The report was funded through grants from Capsugel, Klaire Labs, and Perque Integrative Health.

Comment:  I would venture that any clinician who has chosen to “trust, but not verify” – to twists Levin’s line (attributed by some to Ronald Reagan)—will find reading this akin to lifting one’s head out of the sand. This will particularly be so for the 57% who don’t yet recognize that the DSHEA as their best, though limited, regulatory ally. The fact of clinical practice is that you might have the best of education and attended state of the science functional medicine seminars and come up with a terrific prescriptive matrix. But if the products fail you, and your patients, then all that came before can be as dust.

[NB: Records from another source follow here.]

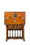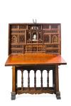 En madera de nogal ebonizada y en su color y aplicaciones de hueso pirograbado. Tapa frontal abatible con herrajes en hierro calado y aplicaciones en terciopelo. Sobre pie de puente
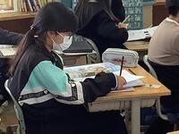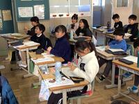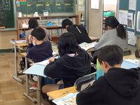 4年生「国語」の様子です。年賀状をかいていました。「送って楽しい、もらってうれしい年賀状」ということを意識しての年賀状です。新年を迎える挨拶の言葉、来年の干支をモチーフにしたデザインと一枚の中に、自分の思いを込めることができます。素敵な年賀状をかくことができたでしょうか。
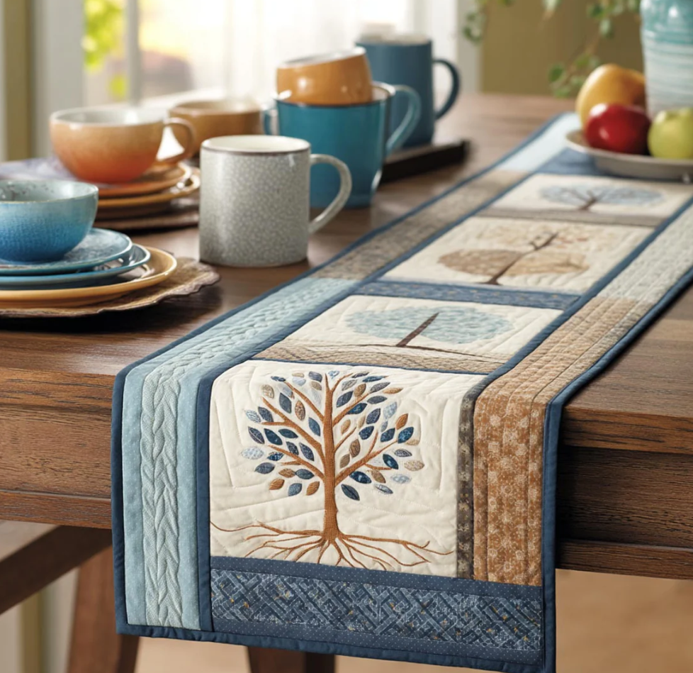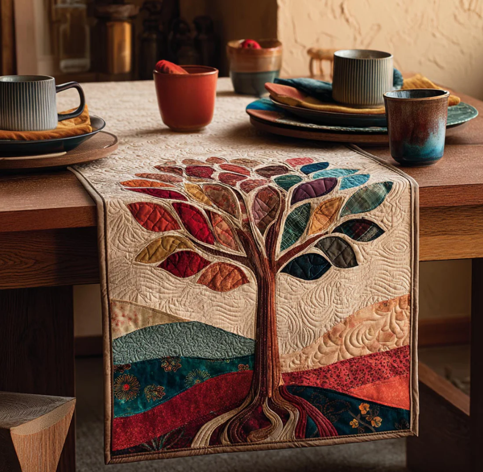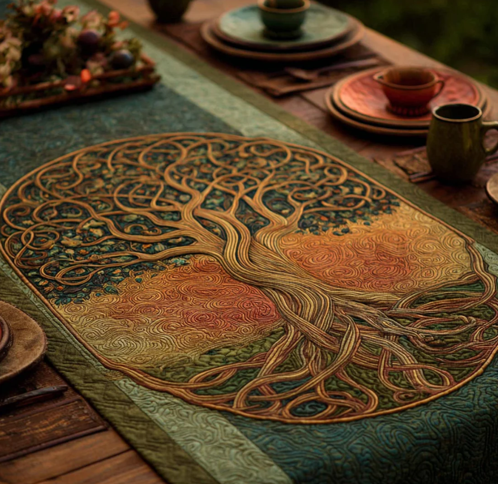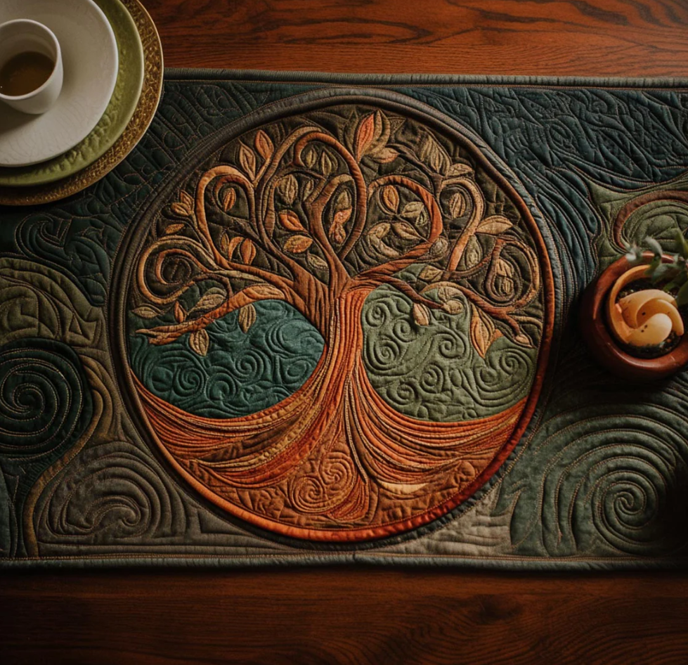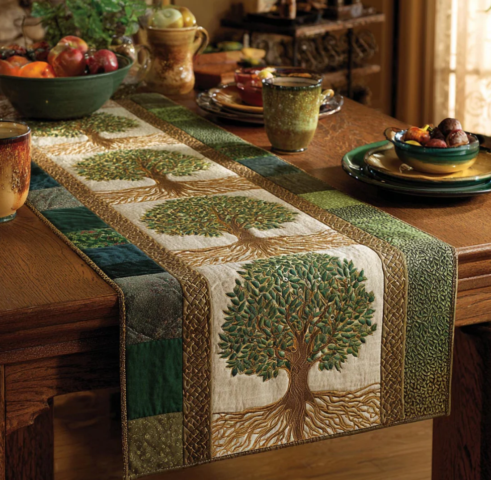 Vintage Tree of Life Series Handcrafted Eco-Friendly Quilted Table Runner | Tree

Two comments. One is that it would have been useful for Goldman to have brought in one or more academic medicine-based integrative medicine specialist in dietary supplement research who is not so close to the industry to review, amend, and or sign-off. I originally wanted to call Quality Matters an “independent” perspective but both the funding and the team argue against that attribute. The team is full of leading edge voices at the front end of pushing for quality measures and issues; yet they are essentially all closely connected to the industry. The fact that dietary supplement firms have funded the project puts the issue on the table. Were there any blind spots from using this team?

The second comment is that quality needs to become a hot topic at conferences targeting integrative practitioner meetings. This is challenging, as these are typically financially backed by exhibit halls packed with supplement manufacturers. Yet it would behoove organizations involved with the field to lock in focus and education by devoting stand-alone plenary sessions to the topic.  Then follow-up by creating organization-driven campaigns to engage clinicians as quality promoters over the long term would be another good step. It’s in their self-interest.

Editor’s note: This analysis article is not edited and the authors are solely responsible for the content. The views and opinions expressed in this article are those of the authors and do not necessarily reflect the official policy or position of Integrative Practitioner.